__What you have to do__: The required answer is the run of lines from the one holding "so here is the" to the end of the data below, copied exactly and free of pictures.

__Data to process__:
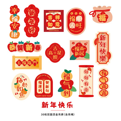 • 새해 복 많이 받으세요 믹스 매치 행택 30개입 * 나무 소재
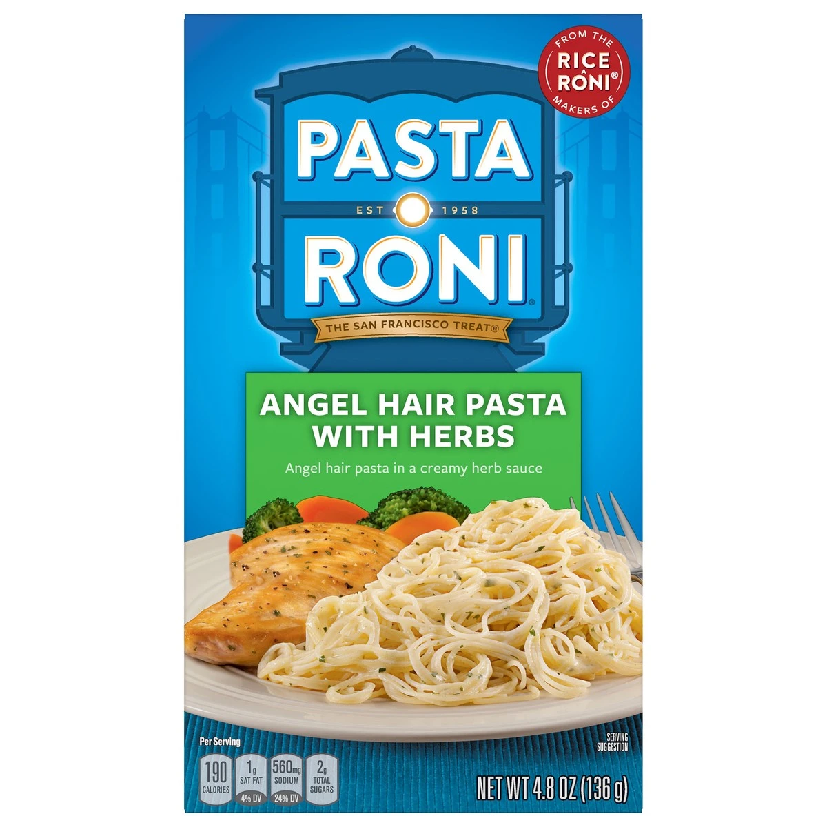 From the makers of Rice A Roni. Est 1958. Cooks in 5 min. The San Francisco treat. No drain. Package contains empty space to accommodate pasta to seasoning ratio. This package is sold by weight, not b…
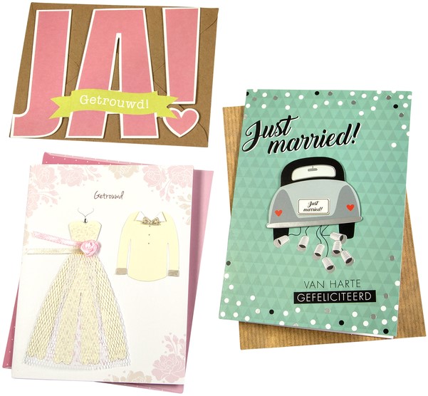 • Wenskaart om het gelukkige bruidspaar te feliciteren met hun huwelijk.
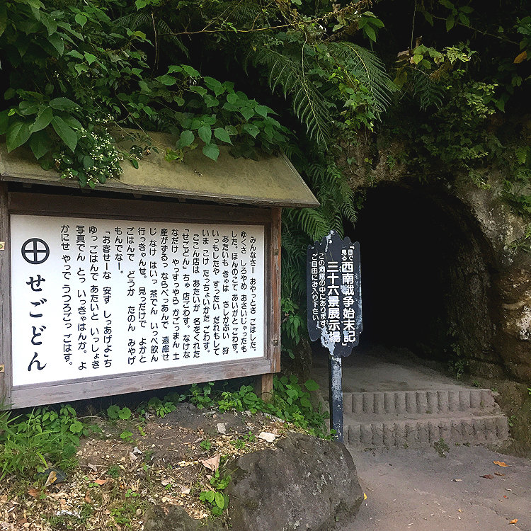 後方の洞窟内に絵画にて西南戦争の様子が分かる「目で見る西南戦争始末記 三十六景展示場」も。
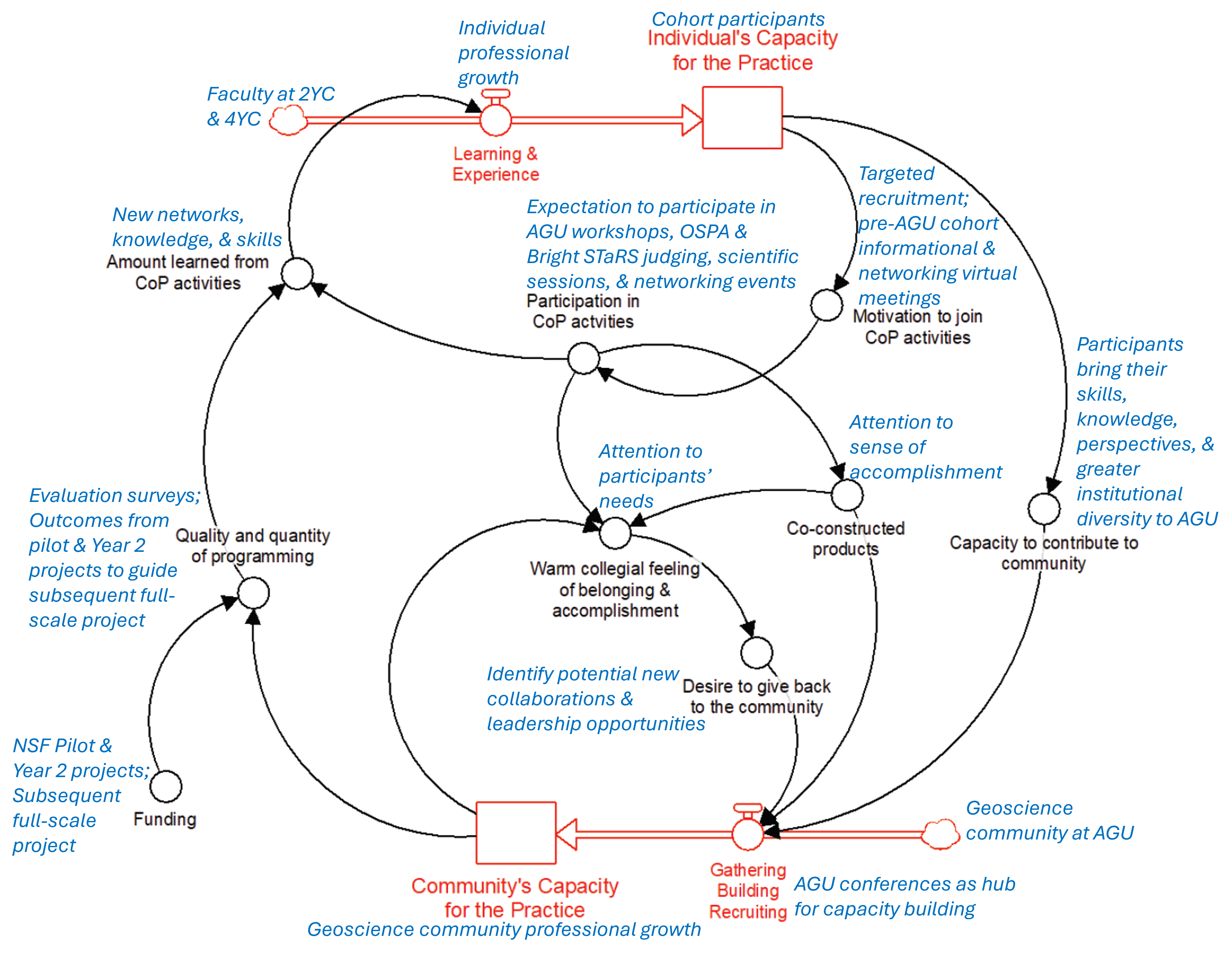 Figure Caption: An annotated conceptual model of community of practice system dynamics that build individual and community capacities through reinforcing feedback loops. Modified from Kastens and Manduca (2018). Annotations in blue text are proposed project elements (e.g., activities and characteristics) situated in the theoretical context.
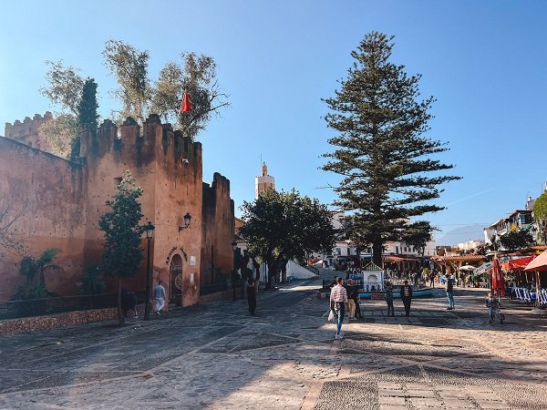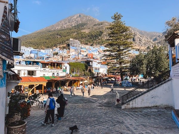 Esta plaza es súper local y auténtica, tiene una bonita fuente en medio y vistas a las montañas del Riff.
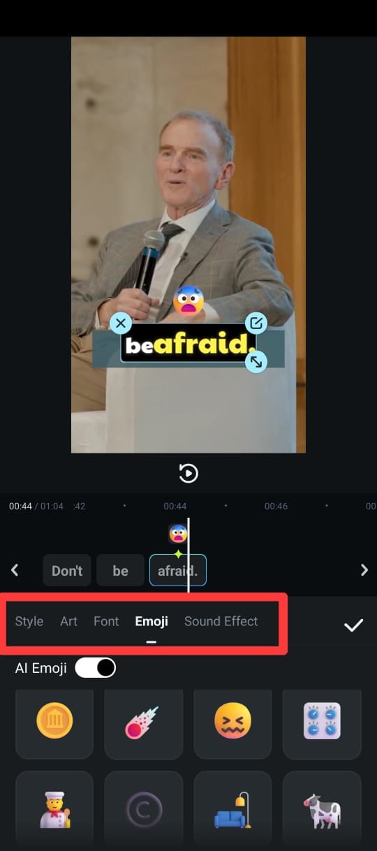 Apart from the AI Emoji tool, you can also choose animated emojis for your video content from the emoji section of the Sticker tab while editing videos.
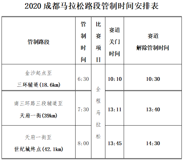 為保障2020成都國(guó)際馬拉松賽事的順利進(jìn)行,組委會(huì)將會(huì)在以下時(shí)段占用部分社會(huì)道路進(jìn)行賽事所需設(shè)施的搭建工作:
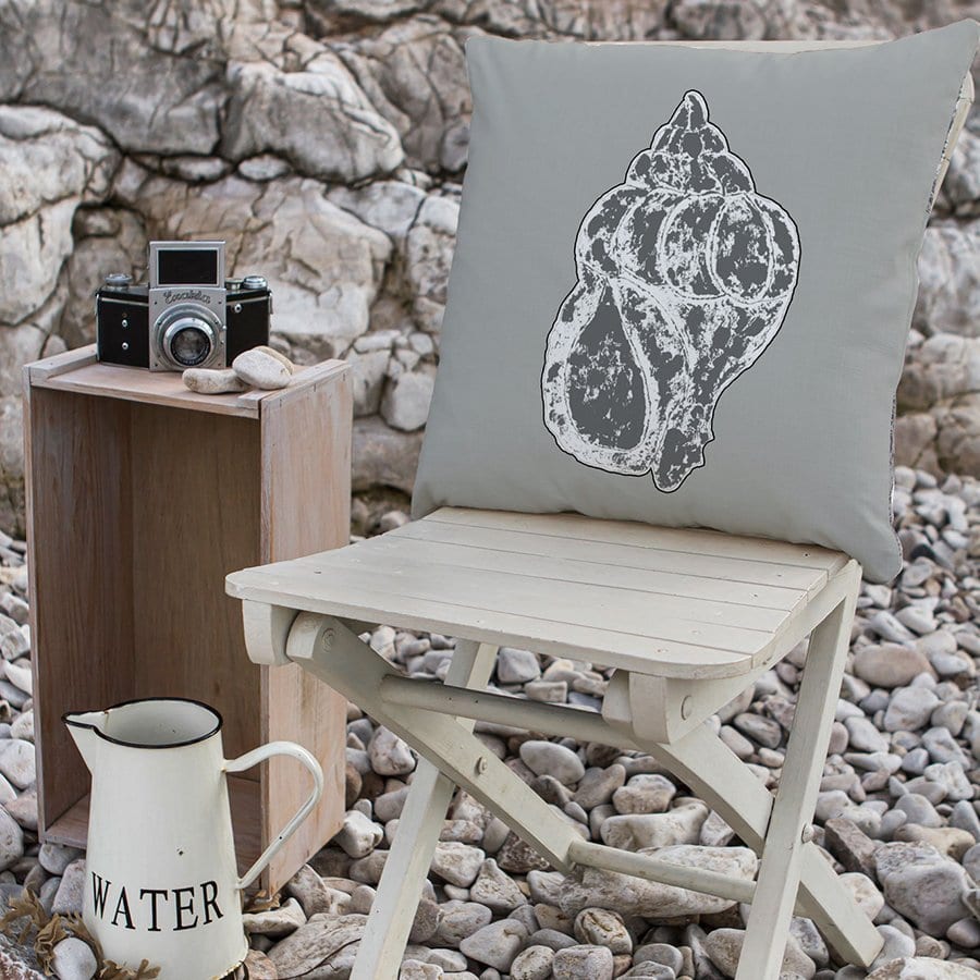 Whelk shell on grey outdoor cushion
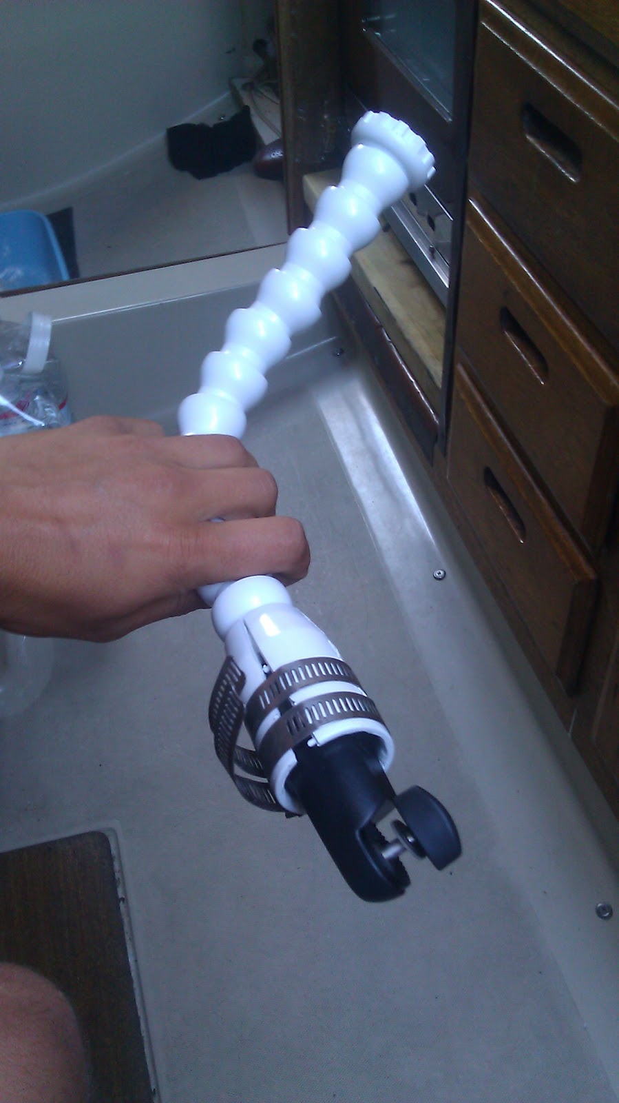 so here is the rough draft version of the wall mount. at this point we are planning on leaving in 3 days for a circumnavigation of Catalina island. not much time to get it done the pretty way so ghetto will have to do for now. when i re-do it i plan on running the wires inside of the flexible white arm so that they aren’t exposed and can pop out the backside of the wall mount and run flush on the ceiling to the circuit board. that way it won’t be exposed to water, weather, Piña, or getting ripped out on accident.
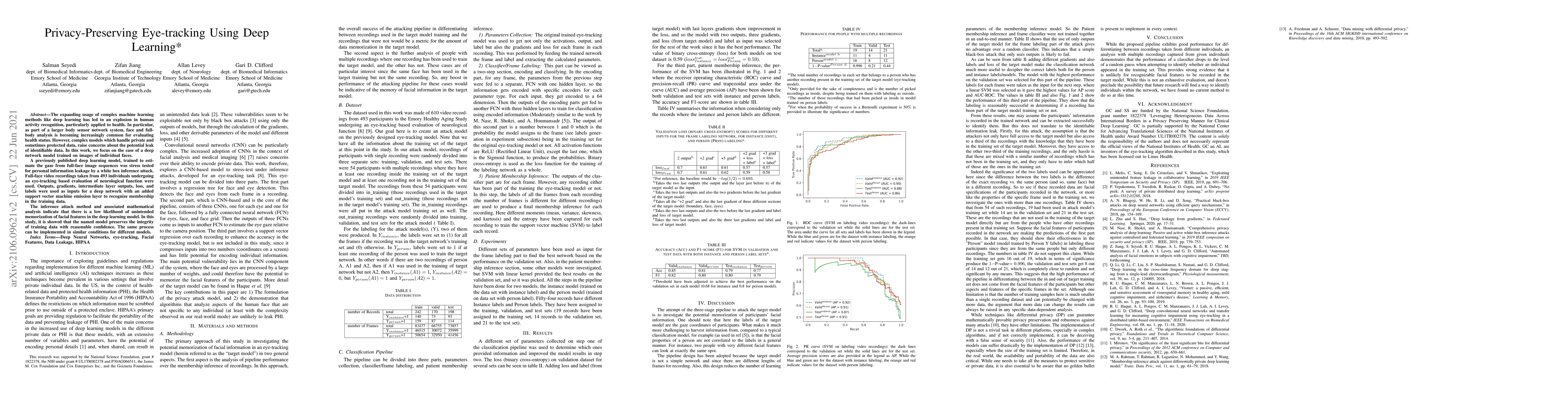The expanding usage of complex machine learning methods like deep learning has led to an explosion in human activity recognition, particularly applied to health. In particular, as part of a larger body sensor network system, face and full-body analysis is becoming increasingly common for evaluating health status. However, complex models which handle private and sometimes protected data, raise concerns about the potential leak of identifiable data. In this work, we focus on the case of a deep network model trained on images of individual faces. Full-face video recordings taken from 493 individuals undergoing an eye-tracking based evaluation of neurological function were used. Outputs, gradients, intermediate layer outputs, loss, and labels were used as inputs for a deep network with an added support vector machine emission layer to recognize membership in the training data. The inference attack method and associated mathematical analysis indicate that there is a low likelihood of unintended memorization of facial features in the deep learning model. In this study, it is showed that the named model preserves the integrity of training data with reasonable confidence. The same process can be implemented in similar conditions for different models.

__Answer space__:
 so here is the rough draft version of the wall mount. at this point we are planning on leaving in 3 days for a circumnavigation of Catalina island. not much time to get it done the pretty way so ghetto will have to do for now. when i re-do it i plan on running the wires inside of the flexible white arm so that they aren’t exposed and can pop out the backside of the wall mount and run flush on the ceiling to the circuit board. that way it won’t be exposed to water, weather, Piña, or getting ripped out on accident.
The expanding usage of complex machine learning methods like deep learning has led to an explosion in human activity recognition, particularly applied to health. In particular, as part of a larger body sensor network system, face and full-body analysis is becoming increasingly common for evaluating health status. However, complex models which handle private and sometimes protected data, raise concerns about the potential leak of identifiable data. In this work, we focus on the case of a deep network model trained on images of individual faces. Full-face video recordings taken from 493 individuals undergoing an eye-tracking based evaluation of neurological function were used. Outputs, gradients, intermediate layer outputs, loss, and labels were used as inputs for a deep network with an added support vector machine emission layer to recognize membership in the training data. The inference attack method and associated mathematical analysis indicate that there is a low likelihood of unintended memorization of facial features in the deep learning model. In this study, it is showed that the named model preserves the integrity of training data with reasonable confidence. The same process can be implemented in similar conditions for different models.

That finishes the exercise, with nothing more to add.